The following represent potential limitations of the present study. The present study was a single-center based trial with a small sample size. Even though the cytology sample volumes had, on average, 1.6 more passes than the S100P protein analysis samples (1 pass), the accuracy of the cytological diagnosis may be affected to some degree. In the present study, results for EUS-FNA cytology alone showed a lower sensitivity (77.8%) compared with previous studies (1,16,17). The splitting method used in the present study may decrease the volume of sample for cytology. However, there is a potential difference in the puncture location and sample component for the cytology samples compared to the protein analysis samples.
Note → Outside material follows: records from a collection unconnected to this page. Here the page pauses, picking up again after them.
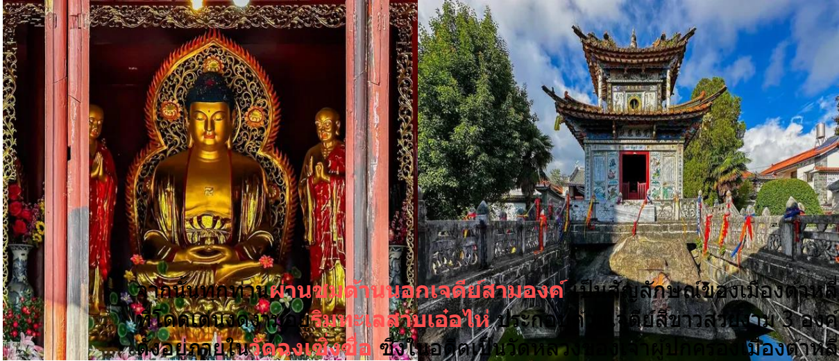
วัดเจติยสามองค์ ผ่านขบวนมอญเจติยสามองค์ เป็นสัญลักษณ์ของเมืองตงชอง วัดเจติยสามองค์ ตั้งอยู่ที่บ้านเรื่อนและสิ่งปลูกสร้างในเมืองได้รับความ เสียหายถึง 99% ชาวบ้านเชื่อว่าเจติยทั้งสามมีความศักดิ์สิทธิ์ซึ่งภัยธรรมชาติไม่ สามารถทำลายได้

ถูกสร้างขึ้นในศตวรรษที่ 12 เจติยสามองค์ไม่ได้รับความเสียหายในคราวที่เกิด แผ่นดินไหวในปี ค.ศ. 1925 ทั้งที่บานเรือนและสิ่งปลูกสร้างในเมืองได้รับความ เสียหายถึง 99% ชาวบ้านเชื่อว่าเจติยทั้งสามมีความศักดิ์สิทธิ์ซึ่งภัยธรรมชาติไม่ สามารถทำลายได้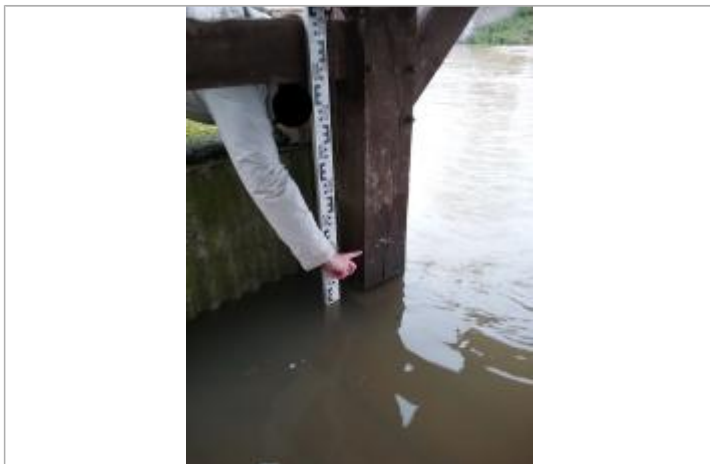
Débris végétaux à 30 cm du sol sur le poteau du lavoir/ Vue large (DDTM14)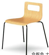
合板色 ナチュラル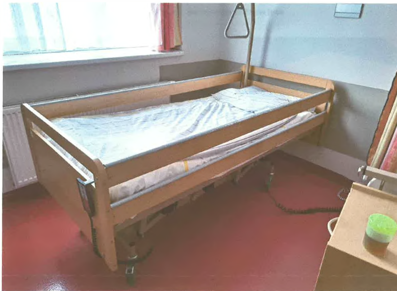
obr. č. 5 polohovací postel Proma Reha - PLE-U85-O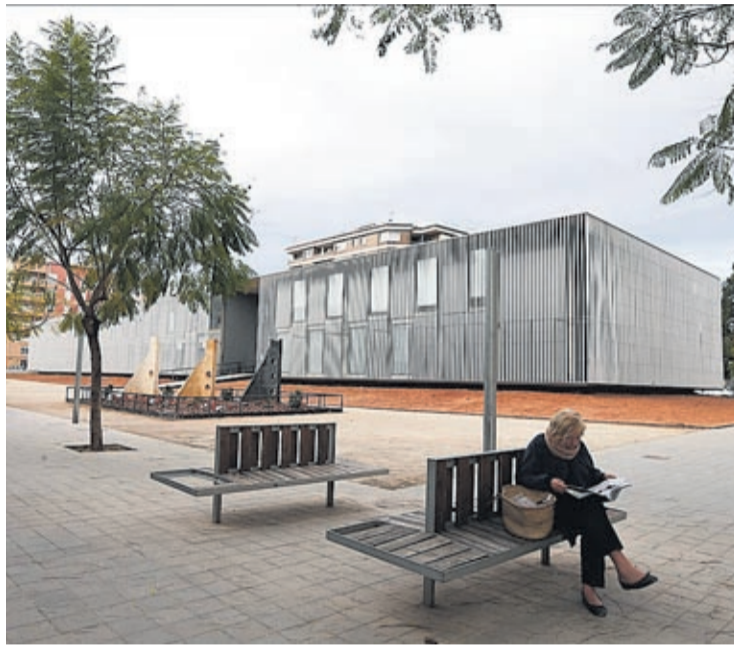
La BUC es uno de los espacios que cobra fuerza para trasladar la sede.

«No podemos olvidar que la EOI llega a Vila-real gracias a la reivindicación histórica del Ayuntamiento y la comunidad educativa, pero también gracias a la voluntad del Consell de crear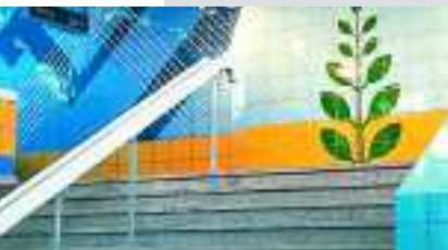
Metrostation, Kairo, Ägypten, Serie Chroma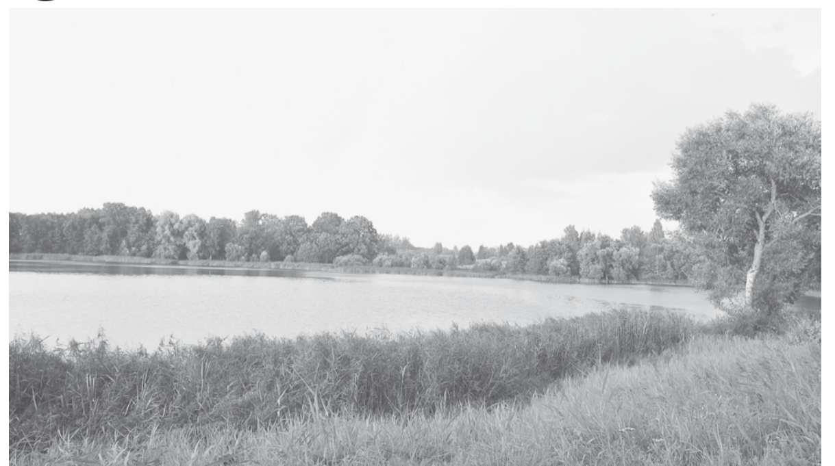
Medņu ezerā sveši makšķernieki parādās reti, vairāk – ziemā.

In conclusion, we successfully established a novel, simple quantitative test for detecting small amounts of PCA cells in tiny samples of EUS-FNA by means of a high sensitivity sandwich ELISA for the S100P protein. Secondly, the S100P protein concentrations differed between cell lines, xenograft tumors and human EUS-FNA samples. Thirdly, quantification of the S100P protein can provide reliable discrimination between PCA and BPL, as a simple and objective method for an auxiliary diagnosis using the cut-off value we established. Finally, the combination of EUS-FNA cytology plus S100P protein quantification showed high accuracy for diagnosing PCA from pancreatic masses by EUS-FNA specimens, in the setting of a prospective continuous series.